Estafas de Phishing más comunes en el cripto mercado

  1. AirDrop malicioso: En el ecosistema de las criptomonedas es bastante común que se realicen Airdrops, dado que es una de las herramientas de marketing para generar incentivos a que los usuarios utilicen los productos de una plataforma. Y, por supuesto, al tratarse de dinero “gratis”, se ha convertido en un foco para los criminales. Es importante resaltar que los AirDrop no son dinero gratis, en realidad, siempre hay un intercambio de algún tipo.De esta manera, los criminales pueden hacer uso de esta creciente popularidad de los AirDrops para llevar a cabo campañas de Phishing. Por ejemplo, a través de un correo electrónico, un mensaje directo por redes sociales como Discord, donde se les dice que se ha agregado alguna criptomoneda a su wallet por un AirDrop. Todo esto con el objetivo de robarles el acceso a su wallet.
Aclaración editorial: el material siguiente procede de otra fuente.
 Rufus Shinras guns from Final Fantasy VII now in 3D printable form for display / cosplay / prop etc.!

  2. Phishing de la Frase Semilla: Si ha seguido de cerca los artículos introductorios de Bitcoin México, probablemente sepa la relevancia de las frases semillas. Se trata de una clave que le otorga la propiedad a una persona de una cierta cantidad de criptomonedas que se encuentran en la Blockchain. Es decir, se asemeja al nombre de usuario y contraseña de una cuenta bancaria. Entonces, los criminales buscan obtener dicha frase porque, con ella, pueden transferir los activos a otra wallet y no hay nada que la víctima pueda hacer luego de ello.
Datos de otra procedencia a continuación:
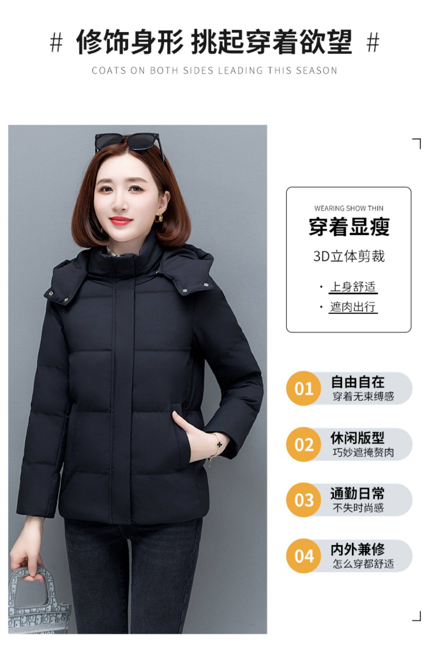 羽絨棉衣女短款冬裝2025新款中年媽媽加厚棉服連帽可拆卸女式棉襖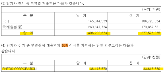 또한 매출액의 10% 이상인 최대 고객 또한 일본 ENEOS임.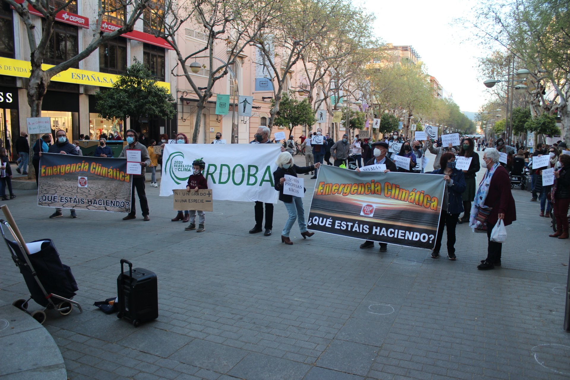 Dentro de la iniciativa Rebelión por el Clima Córdoba, la plataforma Carril Bici y Ecologistas en Acción Córdoba se concentraron ayer viernes, con una participación de unas 80 personas. en el templete del Bulevar del Gran Capitán.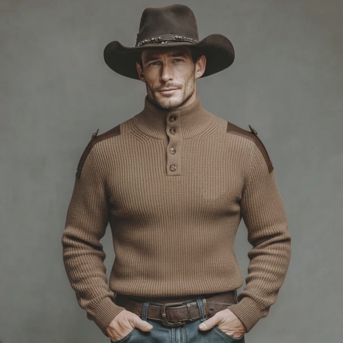 Men's Classic Western Tough Guy Style Deep V-neck Sweater MTA2717K8K

  3. Sitio web malicioso: Imitan el sitio web de una plataforma de criptomonedas importante como MetaMask o PancakeSwap porque saben que, con ello, los usuarios ingresaran los datos de su wallet o la conectarán a la plataforma y, con ello, podrán robar los fondos.
  4. Ice Phishing: Microsoft fue quien estableció el término y lo define como la estrategia que engaña al usuarios para que firme una transacción que delega la aprobación de los tokens de la víctima al atacante.

¿Cómo protegerte?

  1. La cautela es su mejor aliado. ¡Dude de todo! Especialmente de correos electrónicos, mensajes de texto, mensajes en Discord, Instagram o cualquier otra plataforma.
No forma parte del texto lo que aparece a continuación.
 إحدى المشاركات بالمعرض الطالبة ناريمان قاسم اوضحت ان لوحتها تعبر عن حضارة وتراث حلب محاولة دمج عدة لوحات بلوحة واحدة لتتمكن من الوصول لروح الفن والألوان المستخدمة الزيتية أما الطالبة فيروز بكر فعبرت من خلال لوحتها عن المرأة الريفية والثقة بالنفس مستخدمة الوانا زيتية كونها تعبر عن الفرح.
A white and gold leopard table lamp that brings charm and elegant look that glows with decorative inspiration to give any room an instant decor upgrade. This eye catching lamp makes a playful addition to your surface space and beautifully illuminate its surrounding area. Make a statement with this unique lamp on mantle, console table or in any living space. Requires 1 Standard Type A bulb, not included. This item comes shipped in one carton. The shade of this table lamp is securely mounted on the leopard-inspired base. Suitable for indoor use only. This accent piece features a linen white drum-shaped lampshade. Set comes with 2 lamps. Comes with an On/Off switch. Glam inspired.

  2. No haga clic en links que se encuentren en correos electrónicos o mensajes.
  3. Ningún protocolo o plataforma de criptomonedas le solicitará por correo u otra vía sus frase semilla. ¡Ninguna! Tampoco sus claves privadas o información personal.
  4. ¡Sea escéptico!
  5. Si tiene dudas, busque contactar al remitente por otra vía que sea más confiable para asegurarse de la información que ha recibido.
  6. ¡Chequea todo, una y otra vez! Puede, por ejemplo, buscar en Google la dirección de correo electrónico del remitente para verificar si hay algún registro de ataques de phishing con dicha dirección.
  7. Si cree que ha recibido un correo legítimo de una empresa que le resulta familiar, preferiblemente busque otros medios para acceder al requerimiento en lugar de hacer clic en el enlace adjunto al correo.
  8. ¡Chequea el URL! Revise detenidamente el URL en busca de errores ortográficos, caracteres inusuales, si corresponde al URL del sitio al que desea acceder y cualquier otra irregularidad.
  9. ¡Las claves privadas son sagradas! No debe compartirla con absolutamente nadie. Debe mantenerlas lejos de Internet.
  10. No entregue información personal por teléfono cuando no puede verificar quién se encuentra del otro lado.
  11. Utilice la Autenticación de Dos Factores (2FA). Este es un método que ayuda a contrarrestar los ataques de phishing dado que estará agregando una capa adicional de seguridad.

Mantente seguro y resguarda tu información privada y tus cripto activos con estas guías que en Bitcoin México hemos creado para  orientarte.